My experience is that if you don't speak Latvian, Bolt is basically the only choice to order a ride in Riga. Oh trust me, how I've tried. I never use those ride hailing services unless there's no other option left.

> No thanks I will not boycott Bolt because you chose to violate some ToS and hack their product and somehow become outraged.

Well, I'm not inviting people to boycott Bolt because I "hacked their product". I'm inviting to boycott Bolt because they are using dark patterns to take control away from users.

3 comments

At the end you talk about having laws passed. What sort of law do you want passed exactly (and do you mean EU, specific EU countries, US, elsewhere)?
I guess one thing could be to force businesses of certain scale (or ideally, of any scale) to not offer services exclusive to a particular digital ecosystem, unless that's the only way to provide that service.

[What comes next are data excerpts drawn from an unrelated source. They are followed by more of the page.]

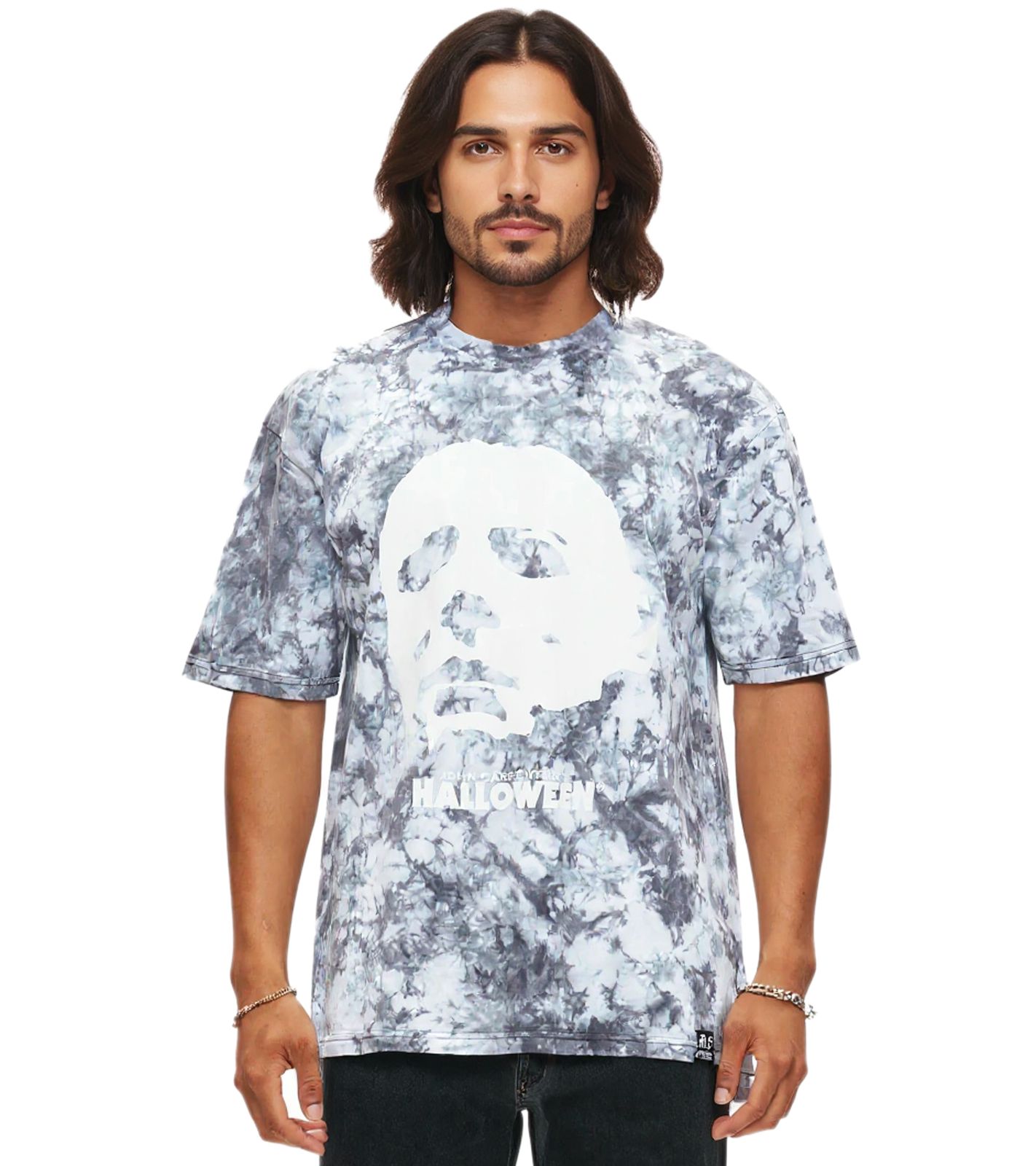 RE:COVERED X John Carpenter's Halloween Men's Tie-Dye T-Shirt, Crew Neck, Fan Shirt, RCSTC117, Gray/White
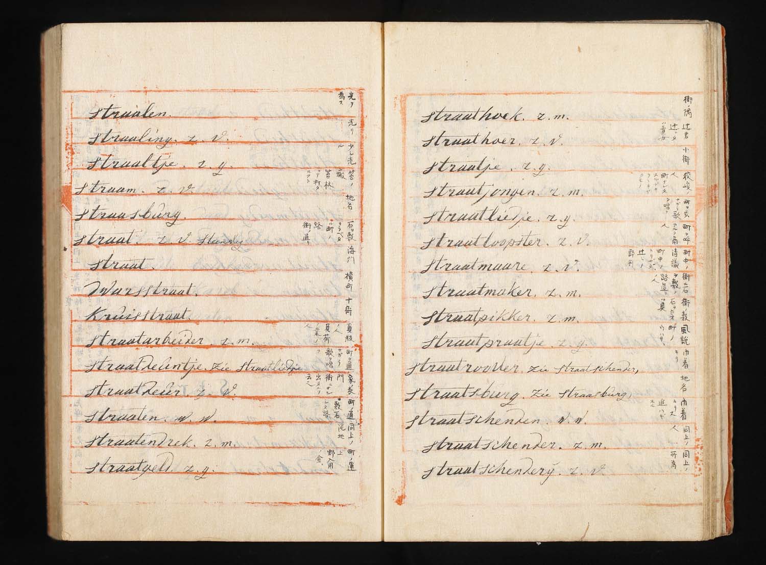 解説:波留麻和解(はるまわげ)は寛政8年(1796)に成立したわが国最初の蘭和辞書である。蘭学者稲村三伯(1759-1811)が石井恒右衛門、宇田川玄随らの協力を得て、オランダの出版業者フランソワ・ハルマ Francois Halma(1653-1722)の著わした蘭仏辞典 Woordenboek der Nederduitsche en Fransche Taale, 1708 を底本として、オランダ語の見出し語一つ一つに和訳語をあてたものである。また、稲村三伯のものとは別に、オランダ商館長ヘンデレキ・ドゥーフの指導のもとに、同じハルマの蘭仏辞典を用いて中山得十郎、吉雄権之助らが文化13年(1816)に完成させた蘭和辞書を「ドゥーフハルマ」もしくは「長崎ハルマ」と通称し、稲村三伯のものはこれに対して「江戸ハルマ」と呼ばれる。「波留麻和解」はその後の蘭学の発達や海外文献の翻訳の進展に、おおいに与って力があり、大きな影響を与えた文化史的意義の大きな資料である。たとえば、オランダ語の「ナトゥール」(natuur)に、もともと中国語で道教的な意味を持っていた「自然」という訳語をあてたのも、この「波留麻和解」においてであり、西洋文明と近代文明を受容してゆく過程において、日本語を大きく変え、ひいては日本人の意識を変える原動力ともなった書物ということができる。
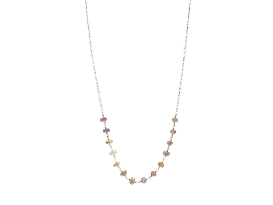 A selection of pink, yellow, and lavender sapphires, hand-wrapped onto a delicate 14k gold-filled chain that's 16 inches long, plus a 2-inch extender, with a delicate lobster clasp.
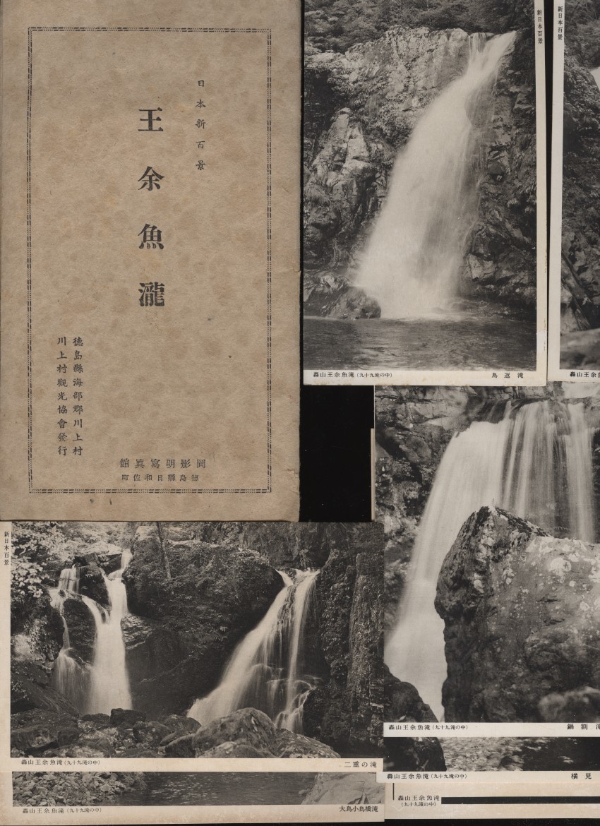 - 王余魚瀧 徳島県海部郡川上村 滝の絵葉書 モノクロ10枚 紙ケース 栞付き :王餘魚滝かれいだき 轟九十九滝 海陽町 龍王寺・轟神社・鍋割滝
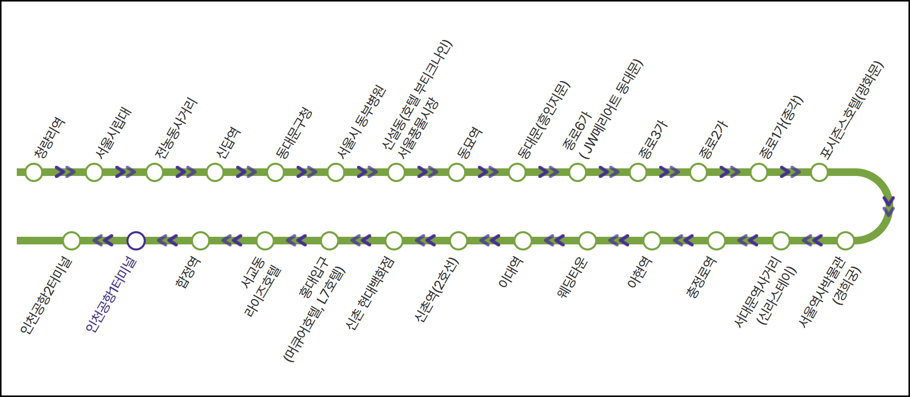 청량리역 ▶ 서울시립대 ▶ 전농동사거리 ▶ 신답역▶ 동대문구청 ▶ 서울시 동부병원 ▶ 신설동(호텔 부티크나인) 서울풍물시장 ▶ 동묘역 ▶ 동대문(흥인지문) ▶ 종로6가(JW메리어트 동대문) ▶ 종로3가 ▶ 종로2가 ▶ 종로1가(종각) ▶ 포시즌스호텔(광화문) ▶ 서울역사박물관(경희궁) ▶ 서대문역사거리(신라스테이) ▶ 충정로역 ▶ 아현역 ▶ 웨딩타운 ▶ 이대역 ▶ 신촌역(2호선) ▶ 신촌 현대백화점 ▶ 홍대입구 ▶ 서교동 라이즈호텔 ▶ 합정역 ▶ 인천공항1터미널 ▶ 인천공항2터미널
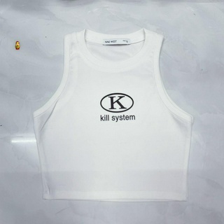 áo croptop ba lỗ khoét nách in chữ k ở ngực

My local restaurant uses an app to do loyalty stamps... I really wish tey would come back to the traditional paper-based ones

Why should the government mandate something like that? Why don't you just give feedback to the businesses that they should make these changes and if you and enough other people feel the same way, they probably will. I understand government intervention in cases of dark patterns that harm consumers (e.g. the recent Intuit settlement in the U.S.) and to protect certain groups that are likely to be harmed or neglected (e.g. the handicapped, blind, etc.) but I'm not sure I understand the need for government to intervene in a case like this where it is a business choice and the consumer while annoyed is not really harmed and there is no monopoly (as far as I remember in Estonia when I lived there a few years ago it was quite easy to hail a normal cab anywhere and was the same when I travelled the Baltics), and personally I get very nervous when the government starts regulating very specific things.
this will never happen.

outside of the imperial centers, "big tech" have already reached into governments.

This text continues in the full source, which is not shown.